As to matters of fact material to our opinions, we have, to the extent we deemed such reliance appropriate, relied upon certificates of officers of the Company and of public officials with respect to the Company.
Based upon and subject to the foregoing, and having regard for legal considerations that we deem relevant, we are of the opinion that:
(1) with respect to any Warrants offered by the Company (the “Offered Warrants”), assuming (a) the due authorization thereof; (b) the completion of the Corporate Proceedings with respect thereto; (c) the consistency of the terms thereof with the description of the Warrants contained in the Registration Statement and any applicable prospectus supplement; (d) the due authorization of the shares of Common Stock or Preferred Stock underlying the Offered Warrants; and (e) the due authorization, execution and delivery of the applicable Warrant Agreement by the parties thereto, the Offered Warrants, when duly executed and countersigned in accordance with the applicable Warrant Agreement and delivered in accordance with the applicable Transaction Document approved by the Board, against payment therefor in accordance with such authorization and applicable law and in the manner and for the consideration stated in the applicable Transaction Document, the Registration Statement and the applicable prospectus supplement, will constitute valid and legally binding obligations of the Company, will be entitled to the benefits provided by the applicable Warrant Agreement and will be enforceable against the Company in accordance with their terms, subject, as to enforceability, to any bankruptcy, insolvency, fraudulent conveyance, reorganization, moratorium and similar laws affecting the enforceability of creditors’ rights generally and to court decisions with respect thereto and to general principles of equity (regardless of whether such enforceability is considered in a proceeding in equity or at law); and
(2) with respect to any series of Debt Securities offered by the Company (the “Offered Debt Securities”), assuming (a) the due authorization thereof; (b) the completion of the Corporate Proceedings with respect thereto; (c) the consistency of the terms thereof with the description of the Debt Securities contained in the Registration Statement and any applicable prospectus supplement; and (d) the Indenture and any applicable supplemental indenture thereto has been duly authorized, validly executed and delivered by the parties thereto, the Offered Debt Securities, when duly executed and delivered and authenticated in accordance with the Indenture and when payment therefor is received, will constitute valid and legally binding obligations of the Company, enforceable against the Company in accordance with their terms, subject, as to enforceability, to any bankruptcy, insolvency, fraudulent conveyance, reorganization, moratorium and similar laws affecting the enforceability of creditors’ rights generally and to court decisions with respect thereto and to general principles of equity (regardless of whether such enforceability is considered in a proceeding in equity or at law).

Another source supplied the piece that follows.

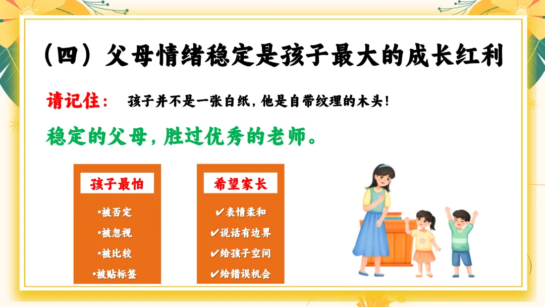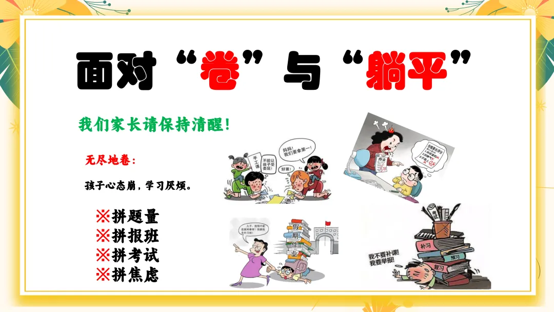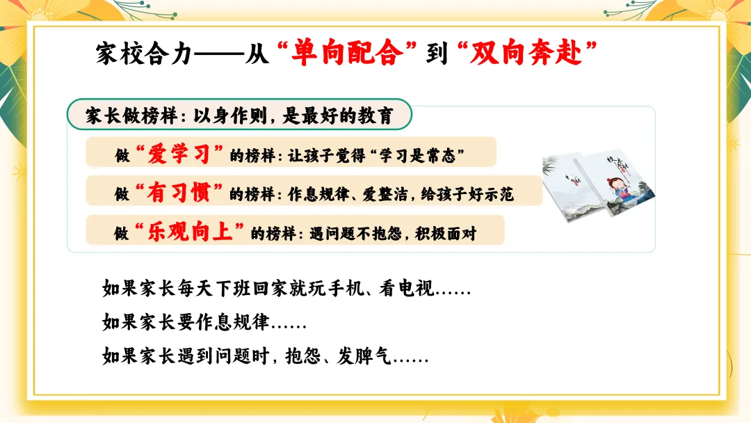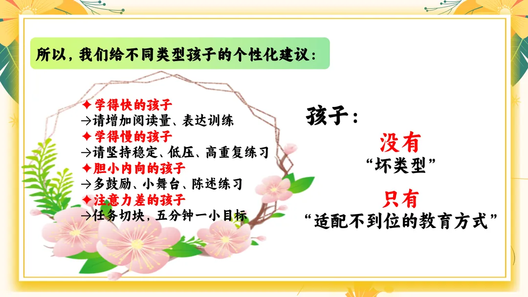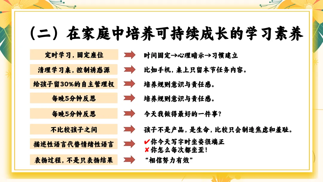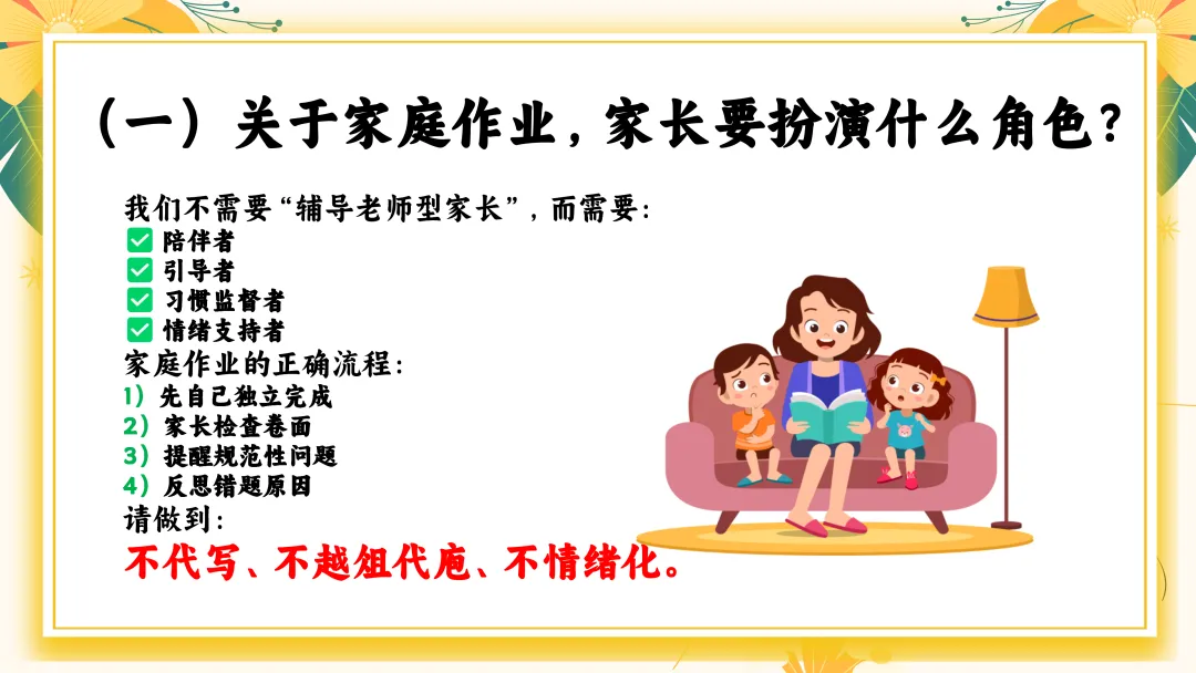 首先家长应避免的四大问题: 1. “只要分数上去了就好” →分数只是结果,习惯才是原因。 2. “孩子写得慢,就是磨蹭” →可能是发育阶段特征、书写动作不熟练。 3. “我说多少遍都不听” →多次说无效=方法不对。 4. “别人都报班,我们也上” →教育最怕跟风。

In rendering the opinion in paragraph (2), we have assumed that the trustee is or, at the time the applicable Indenture is signed, will be qualified to act as trustee under the applicable Indenture and the Indenture Act, and that the trustee has or will have duly executed and delivered the applicable Indenture.
We express no opinions concerning (i) the validity or enforceability of any provisions contained in the Indenture that purport to waive or not give effect to rights to notices, defenses, subrogation or other rights or benefits that cannot be effectively waived under applicable law; or (ii) the enforceability of indemnification provisions to the extent they purport to relate to liabilities resulting from or based upon negligence or any violation of federal or state securities or blue sky laws.
The foregoing opinions expressed herein are limited to matters governed by the federal laws of the United States of America and the laws of the State of New York and we are expressing no opinion as to the effect of the laws of any other jurisdiction, domestic or foreign. In rendering the foregoing opinions, we are not passing upon, and assume no responsibility for, any disclosure in the Registration Statement or any related prospectus supplement, pricing supplement, term sheet or other offering material regarding the Company or the Securities or their offering and sale.
The opinions and statements expressed herein are as of the date hereof. We assume no obligation to update or supplement this opinion to reflect any facts or circumstances that may hereafter come to our attention or any changes in applicable law that may hereafter occur.
We hereby consent to the filing of this opinion with the Commission as Exhibit 5.1 to the Registration Statement. We also consent to the reference to our firm under the heading “Legal Matters” in the Registration Statement. In giving this consent, we do not thereby admit that we are in the category of persons whose consent is required under Section 7 of the Act or the rules and regulations of the Commission.